Data records:

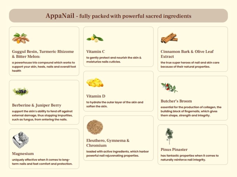 Appanail is formulated with powerful natural ingredients, each with a specific function to improve the health of nails and feet. Let’s look at some of the main ones:
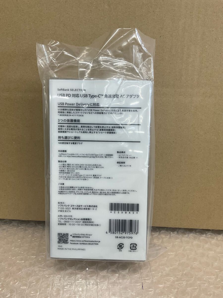 ◎(D1749) 新品 ソフトバンク USB PD対応 Type-C 急速充電 ACアダプタ ケーブル長1.5m (B2-3)
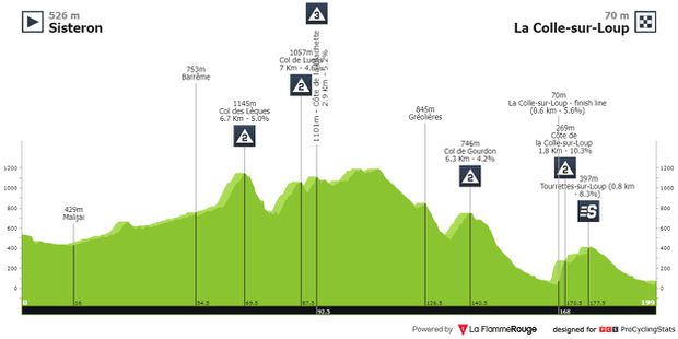 Na sexta-feira corre-se a sexta etapa, entre Sisteron e La Colle-sur-Loup, num percurso de 198,2 quilómetros, com cinco contagens de montanha (quatro de segunda categoria e uma de terceira).
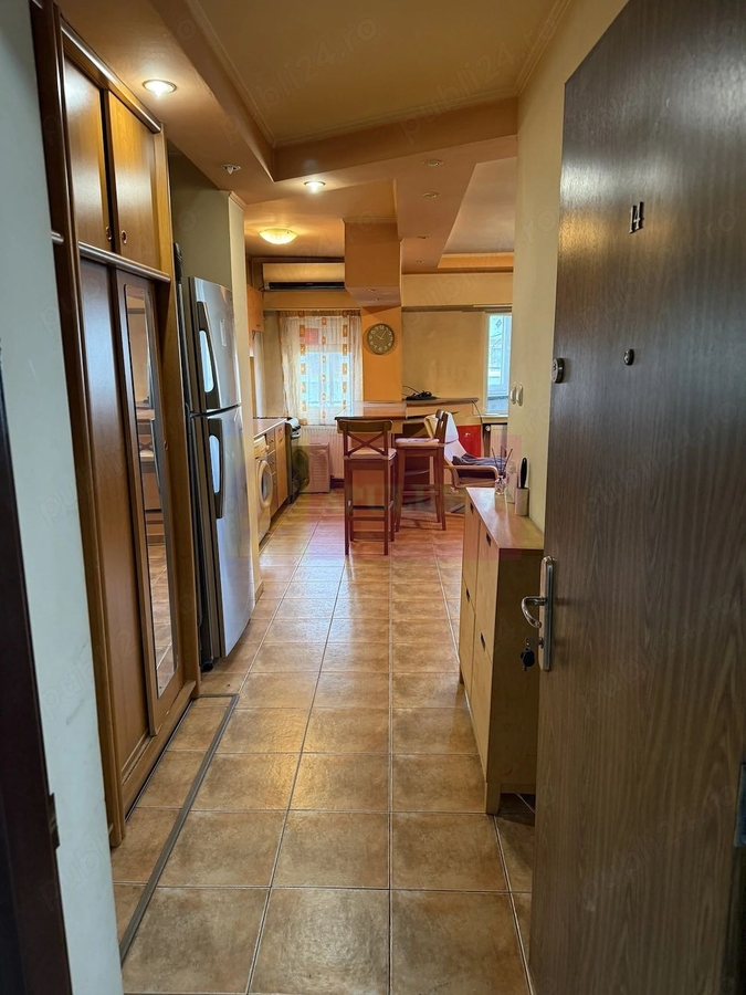 Garsoniera se vinde asa cum se vede in poza cu frigider Samsung, televizor Philips, birou si blat bar din lemn masiv.
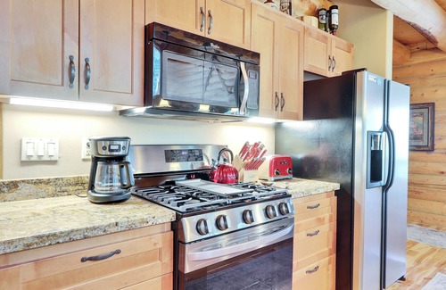 Step inside to find a spacious living area with soaring ceilings, a grand stone fireplace, and 6 flat-screen TVs, creating a warm and inviting space for relaxation. The fully loaded kitchen, equipped with modern appliances and ample counter space, is ready for your culinary adventures.

Exercise instructions: Transcribe, word for word, the line holding "ACアダプタ ケーブル長1.5m (B2-3)" and all lines after it in the entries above, ending with the last. Only those lines; no pictures.

The answer:
 ◎(D1749) 新品 ソフトバンク USB PD対応 Type-C 急速充電 ACアダプタ ケーブル長1.5m (B2-3)
 Na sexta-feira corre-se a sexta etapa, entre Sisteron e La Colle-sur-Loup, num percurso de 198,2 quilómetros, com cinco contagens de montanha (quatro de segunda categoria e uma de terceira).
 Garsoniera se vinde asa cum se vede in poza cu frigider Samsung, televizor Philips, birou si blat bar din lemn masiv.
 Step inside to find a spacious living area with soaring ceilings, a grand stone fireplace, and 6 flat-screen TVs, creating a warm and inviting space for relaxation. The fully loaded kitchen, equipped with modern appliances and ample counter space, is ready for your culinary adventures.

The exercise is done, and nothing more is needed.